Department of Neurosurgery, Stanford University Medical Center, Stanford, California 94305-5327, USA.
Neurosurgery. 2009 Oct;65(4 Suppl):A18-23. doi: 10.1227/01.NEU.0000339123.74649.BE.
With the use of data from 3 Louisiana State University Health Sciences Center (LSUHSC) publications, various parameters for buttock/thigh-level sciatic nerve and tibial and common peroneal divisions/nerve injuries were summarized, and outcomes were compared.
Data from 806 buttock/thigh-level sciatic nerve and tibial and common peroneal division/nerve injury repairs were summarized. Lesion types, repair techniques, and outcomes were compared.
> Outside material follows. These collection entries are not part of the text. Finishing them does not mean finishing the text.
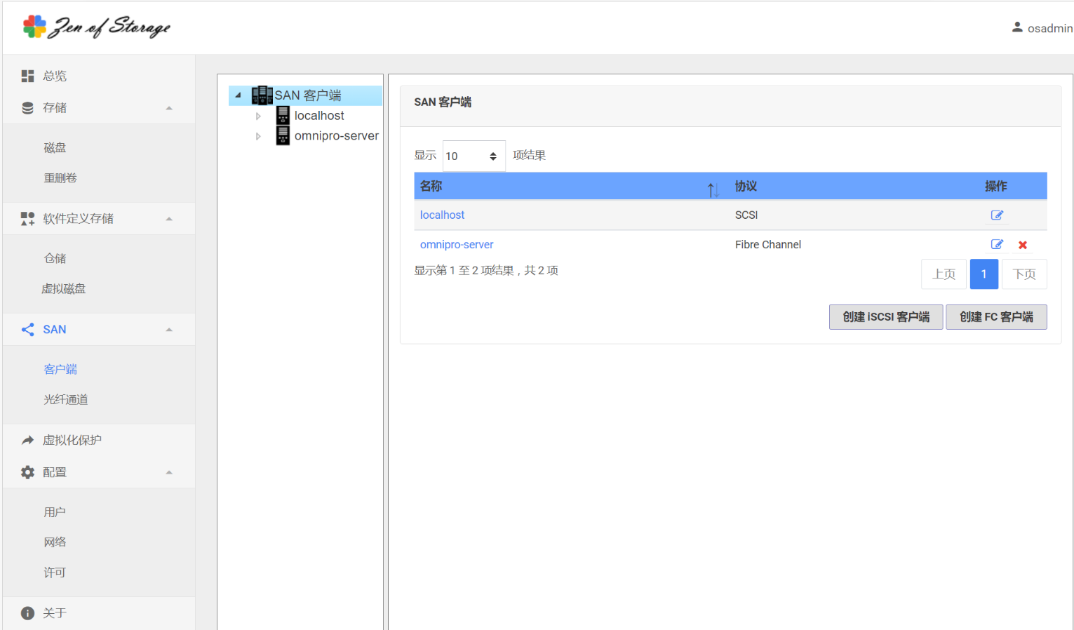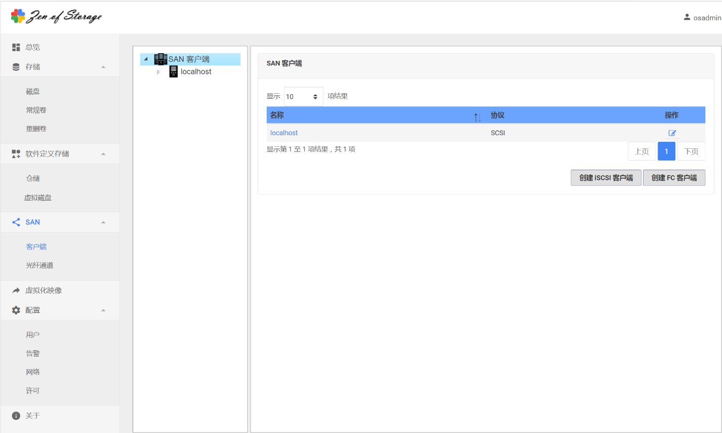 ZenStor除了支持iSCSI,FC等协议,默认会创建一个localhost的本地SCSI直连的客户端。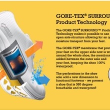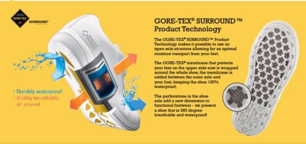 - Existence of the membrane of GORE-TEX equipped with laying for ventilation of a leg and for interfering with hit of moisture.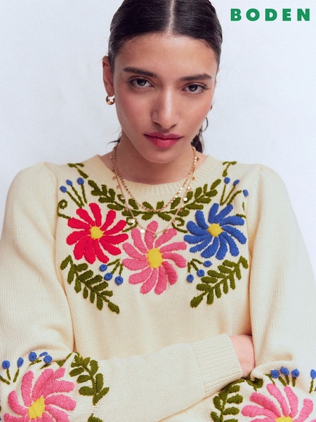 Boden Cream Davina Puff Sleeve Jumper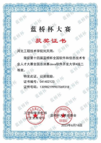 6月16日,第十四届蓝桥杯大赛个人赛总决赛获奖名单公布,蓝桥杯大赛以“立足行业,突出实践,广泛参与,促进就业”为宗旨,在各高校之间开展了激烈的竞争。经过一番激烈角逐,9728太阳集团人工智能与大数据学院的刘天雨同学,最终在java软件开发A组(985院校通道)荣获河北省一等奖,全国总决赛二等奖。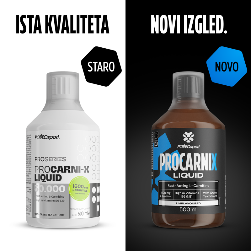 HR/BA ProCarni-X-Liquid 50.000 - Tekući dodatak prehrani s L-karnitinom, ekstraktom zelenog čaja i vitaminima B1 i B6, sa sladilima. Vitamini B1 i B6 doprinose normalnom metabolizmu stvaranja energije. Sadrži EGCG (6,18 mg/ serviranje). Sastojci: Voda, L-karnitin, regulator kiselosti (limunska kiselina), sladila (ksilitol, sukraloza), konzervans (kalijev sorbat), ekstrakt zelenog čaja [Camellia sinensis (list), sadrži 41,23 % epigalokatehin - 3 - galata (EGCG)], vitamin B6 (piridoksin-hidroklorid), vitamin B1 (tiamin-hidroklorid). Alergeni: Može sadržavati tragove mlijeka, soje, gorušice i celera. Upute za upotrebu: Popiti jedno serviranje (15 ml) dnevno minimalno 30 minuta prije treninga. Dobro protresti prije upotrebe. Napomena: Dodatak prehrani nije nadomjestak ili zamjena uravnoteženoj prehrani. Čuvati od dohvata male djece. Upozorenja: Preporučene dnevne doze ne smiju se prekoračiti. Prekomjerna konzumacija može imati laksativni učinak. Proizvod ne biste trebali konzumirati a ko istog dana uzimate druge prozivode koji sadržavaju zeleni čaj. Proizvod ne bi trebale konzumirati trudnice, dojilje ni djeca mlađa od 18 godina. Proizvod se ne bi trebao konzumirati na prazan želudac. Uvjeti čuvanja: Čuvati na hladnom i suhom mjestu, zaštićeno od izravne sunčeve svjetlosti, pri temperaturi do 25 °C. . Najbolje upotrijebiti do / LOT broj: Otisnuto na ambalaži.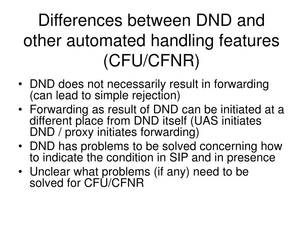 Differences between DND and other automated handling features (CFU/CFNR) • DND does not necessarily result in forwarding (can lead to simple rejection) • Forwarding as result of DND can be initiated at a different place from DND itself (UAS initiates DND / proxy initiates forwarding) • DND has problems to be solved concerning how to indicate the condition in SIP and in presence • Unclear what problems (if any) need to be solved for CFU/CFNR
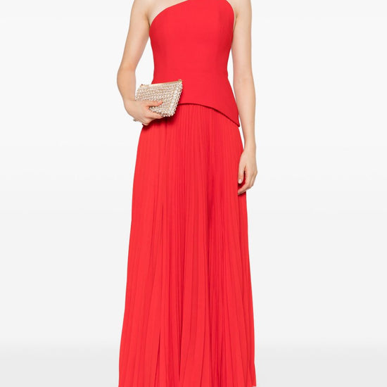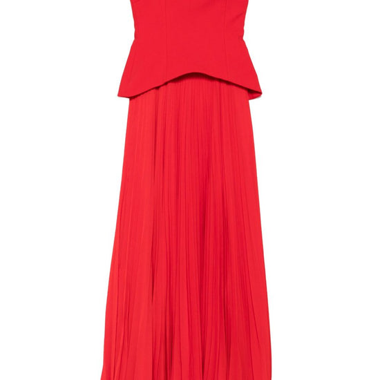 Red strapless bodice pleated skirt fitted top asymmetric neckline straight hemline britt maxi dress size and fit - this piece fits true to size. we recommend you get your regular size. model is 1,75m / 5ft 8in wearing size 8 (uk)
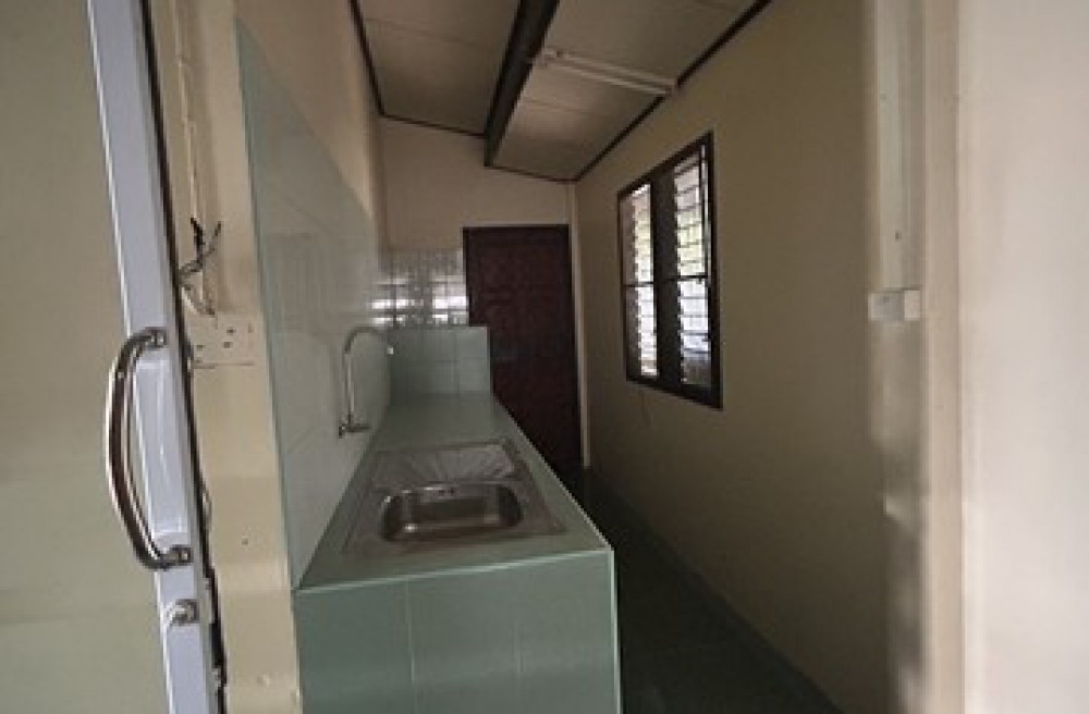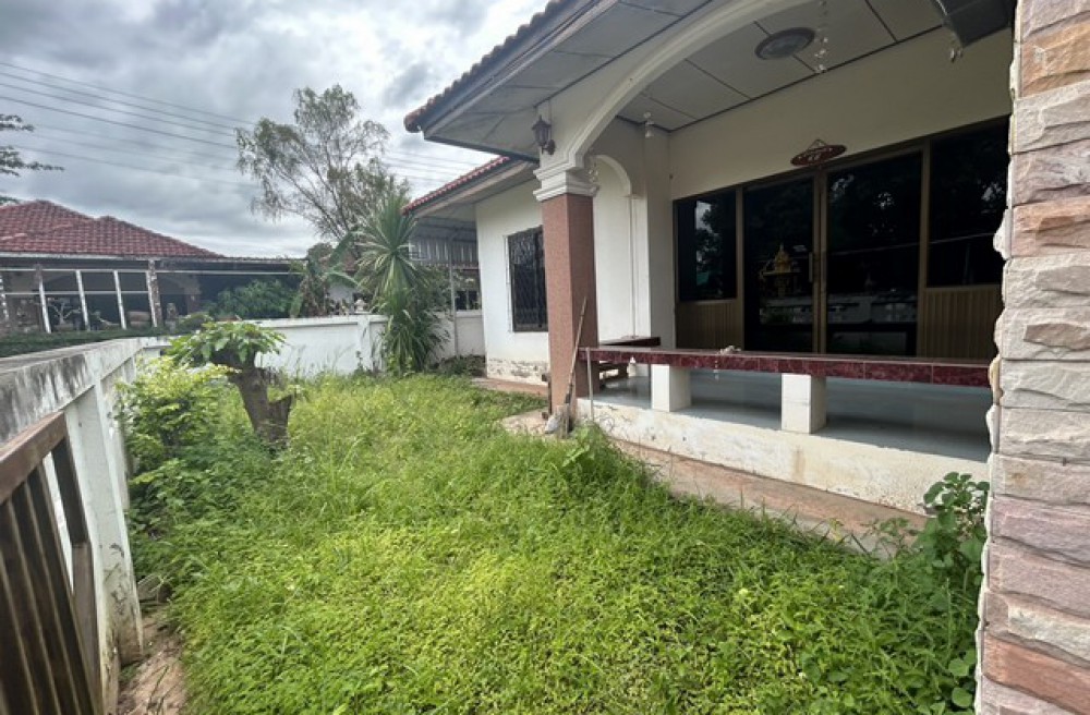 ชั้นเดียว 3 ห้องนอน 2 ห้องน้ำ มิเตอร์ 15 แอมป์ พร้อมแอร์ 1 ห้อง มีครัว โรงจอดรถ บริเวณซัก ตาก และมีพื้นที่ว่างสำหรับปลูกพืชผักและสวนหย่อมขนาดเล็ก ราคา 1.59 ล้าน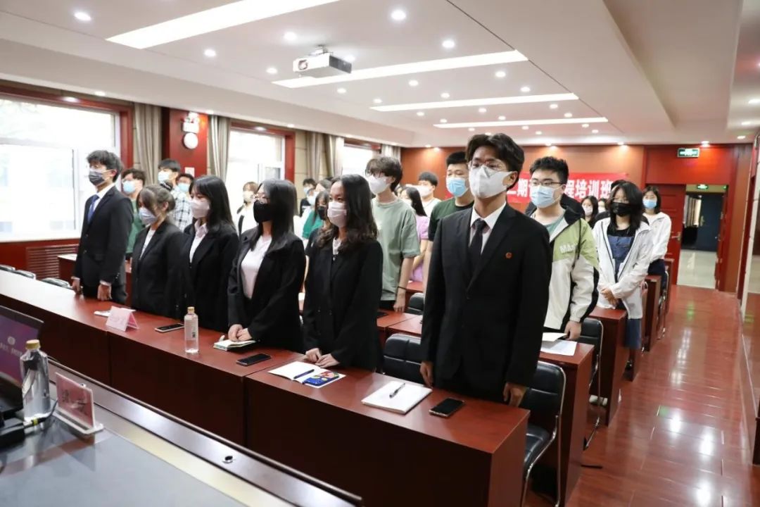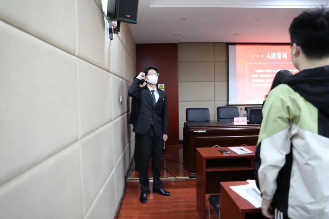 春夏更迭,暮风和旭。模拟法庭三楼会议室内,忽而有嘹亮的团歌阵阵传响,太阳成集团tyc122ccvip第十二期青马培训班学员正在齐唱团歌……伴随着最后一个音节淡出,仪式来到了第二项——重温入团誓词。

Acute lacerations undergoing suture repair were best for the thigh-then-buttock-level tibial (93%/73%) and then same-level common peroneal divisions (69%/30%); at the knee level, tibial outcomes (100%) were better than those for the common peroneal nerve (CPN) (84%). Secondary graft repairs for lacerations had good outcomes for the thigh-then-buttock-level tibial (80%/62%), followed by common peroneal divisions at the same levels (45%/24%). The knee/leg-level tibial nerve (94%) did better than the CPN (40%) here. In-continuity lesions with positive intraoperative nerve action potentials underwent neurolysis with better results for the thigh-then-buttock-level tibial division (95%/86%) than for same-level CPN (78%/69%). The knee/leg-level tibial nerve did better than the CPN (95%/93%).
Better recovery of buttock- and thigh-level tibial division/nerve occurs because: 1) the CPN is lateral and thus vulnerable to a more severe injury; 2) the tibial nerve is more elastic at impact owing to its singular-fixation site (the CPN has a dual fixation); 3) the tibial nerve has a better blood supply and regeneration; 4) the tibial nerve has a higher force-absorbing fascicle/connective tissue count than the CPN; and 5) the tibial nerve-innervated gastrocnemius soleus requires less reinnervation for functional contraction than deep peroneal branches, which innervate long, thin extensor muscles at multiple sites and require coordinated nerve input for effective contraction.
利用路易斯安那州立大学健康科学中心(LSUHSC)的 3 项出版物的数据,总结了臀股部/大腿坐骨神经和胫神经及腓总神经分支/神经损伤的各种参数,并比较了结果。
总结了 806 例臀股部/大腿坐骨神经和胫神经及腓总神经分支/神经损伤修复的数据。比较了病变类型、修复技术和结果。
急性撕裂伤行缝合修复时,大腿-臀部水平的胫神经(93%/73%)和同水平腓总神经(69%/30%)效果最佳;在膝关节水平,胫神经的结果(100%)优于腓总神经(CPN)(84%)。撕裂伤的二次移植物修复效果较好的是大腿-臀部水平的胫神经(80%/62%),其次是同水平的腓总神经分支(45%/24%)。此处膝关节/小腿水平的胫神经(94%)优于腓总神经(40%)。连续性损伤,术中神经动作电位阳性,行神经松解术,大腿-臀部水平的胫神经分支(95%/86%)效果优于同水平腓总神经(78%/69%)。膝关节/小腿水平的胫神经优于腓总神经(95%/93%)。
臀股部和大腿水平的胫神经/分支恢复较好,原因如下:1)腓总神经位于外侧,因此更容易受到更严重的损伤;2)胫神经在撞击时更具弹性,因为它只有一个固定点(腓总神经有两个固定点);3)胫神经的血液供应和再生更好;4)胫神经的受力纤维/结缔组织比腓总神经多;5)胫神经支配的比目鱼肌-跟腱需要较少的神经再支配来实现功能性收缩,而腓深神经支配多个部位的长而细的伸肌,需要协调的神经输入才能进行有效的收缩。